Long-standing GLNS client Marley Spoon SE (“Marley Spoon”), a leading meal-kit provider listed on the Australian Securities Exchange ASX, has entered into a business combination agreement (“BCA”) for a DE-SPAC transaction with 468 SPAC II SE (“468 SPAC II”), a Luxembourg-based special purpose acquisition vehicle listed on the Frankfurt Stock Exchange. The BCA is subject to customary closing conditions, including approval by the shareholders of 468 SPAC II.
To implement the transaction, 468 SPAC II has entered into agreements with certain shareholders relating to the sale and transfer of a controlling stake in Marley Spoon. The business combination is to be effected on a share-for-share basis against the issuance of new shares in 468 SPAC II.
Following consummation of the business combination, 468 SPAC II intends to make a direct offer to acquire the CHESS Depositary Interests over Marley Spoon shares listed on ASX from the remaining shareholders at substantially the same commercial terms as under the agreements with the rolling shareholders (including the same exchange ratio).
In addition, prior to the business combination, Marley Spoon intends to increase its share capital by an aggregate amount of up to EUR 35 million against cash contributions by its existing investors 468 Capital II GmbH & Co.

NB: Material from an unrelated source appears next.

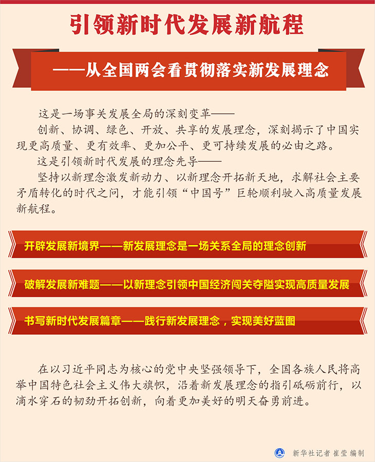 新华社北京3月8日电 题:引领新时代发展新航程——从全国两会看贯彻落实新发展理念

KG and Union Square Ventures as well as other private investors.
In connection with the transaction, the current debt facility of Marley Spoon with Runway Growth Capital will also be amended.

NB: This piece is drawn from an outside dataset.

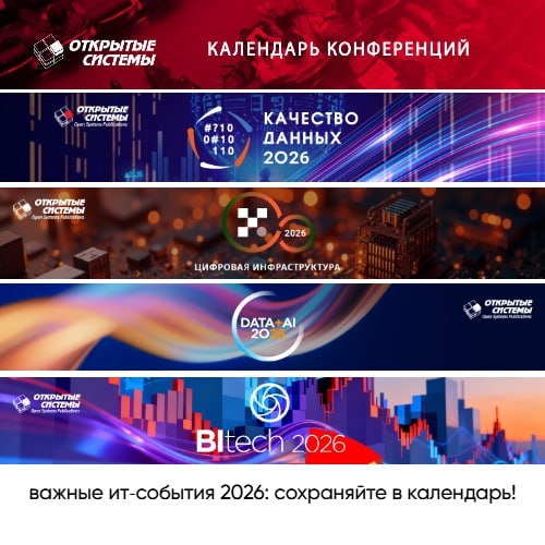 🗓 Сохраняйте в календарь важные события индустрии — впереди насыщенный год! «Качество данных 2026» Дата: 5 февраля 2026 года. О чём: главная всероссийская конференция по созданию и эксплуатации конвейеров гарантированного качества данных. «Цифровая инфраструктура 2026. Эра независимости» Дата: 4 марта 2026 года. О чём: реальные кейсы внедрения российских технологий. Узнайте, как повысить устойчивость бизнеса и ИТ‑зрелость с помощью ИИ. Форум «Данные+ИИ» Дата: 26 марта 2026 года. О чём: поиск скрытых резервов эффективности. Прагматичные решения для бизнеса и госуправления на стыке данных и ИИ. «Технологии бизнес‑аналитики 2026» (BItech 2026) Дата: 23 апреля 2026 года. О чём: освоение инструментов для принятия решений в реальном времени на основе достоверной аналитики. Не пропустите актуальные дискуссии и практические кейсы — регистрируйтесь и планируйте участие заранее!

Upon completion of the business combination, 468 SPAC II is expected to be named Marley Spoon SE and will be led by Marley Spoon’s current management team, including Marley Spoon’s founder, Fabian Siegel, who will be the CEO of the combined entity.
The deal was led and coordinated in-house by Marley Spoon’s General Counsel, Dr. Mathias Hansen.
GLNS acted as lead German counsel for Marley Spoon. The GLNS team advising Marley Spoon was led by Dr. Daniel Gubitz (M&A) and Dr. Bernd Graßl (Corporate/Capital Markets), and also included Malte Krohn (Corporate/Capital Markets), Dr. Anselm Lenhard (Finance) and Andreas Scheidle (Tax).
Other legal and tax advisers on the intended business combination include Clayton Utz (Australian legal counsel to Marley Spoon), Latham & Watkins (US Securities and US Finance law counsel to Marley Spoon), Stibbe (Luxembourg legal and tax counsel to Marley Spoon), DLA Piper (Legal counsel to Marley Spoon’s supervisory board), Sullivan & Cromwell (German & US legal counsel to 468 SPAC II), Flick Gocke Schaumburg (German tax counsel to 468 SPAC II), Gilbert + Tobin (Australian legal counsel to 468 SPAC II), Arendt & Medernach (Luxembourg legal counsel to 468 SPAC II), Osborne Clarke (German legal counsel to Union Square Ventures), Gunderson & Dettmer (US legal counsel to Union Square Ventures), and Sidley Austin (US legal counsel to Runway Growth Capital). Greenhill acted as investment bank for Marley Spoon, and Berenberg for 468 SPAC II.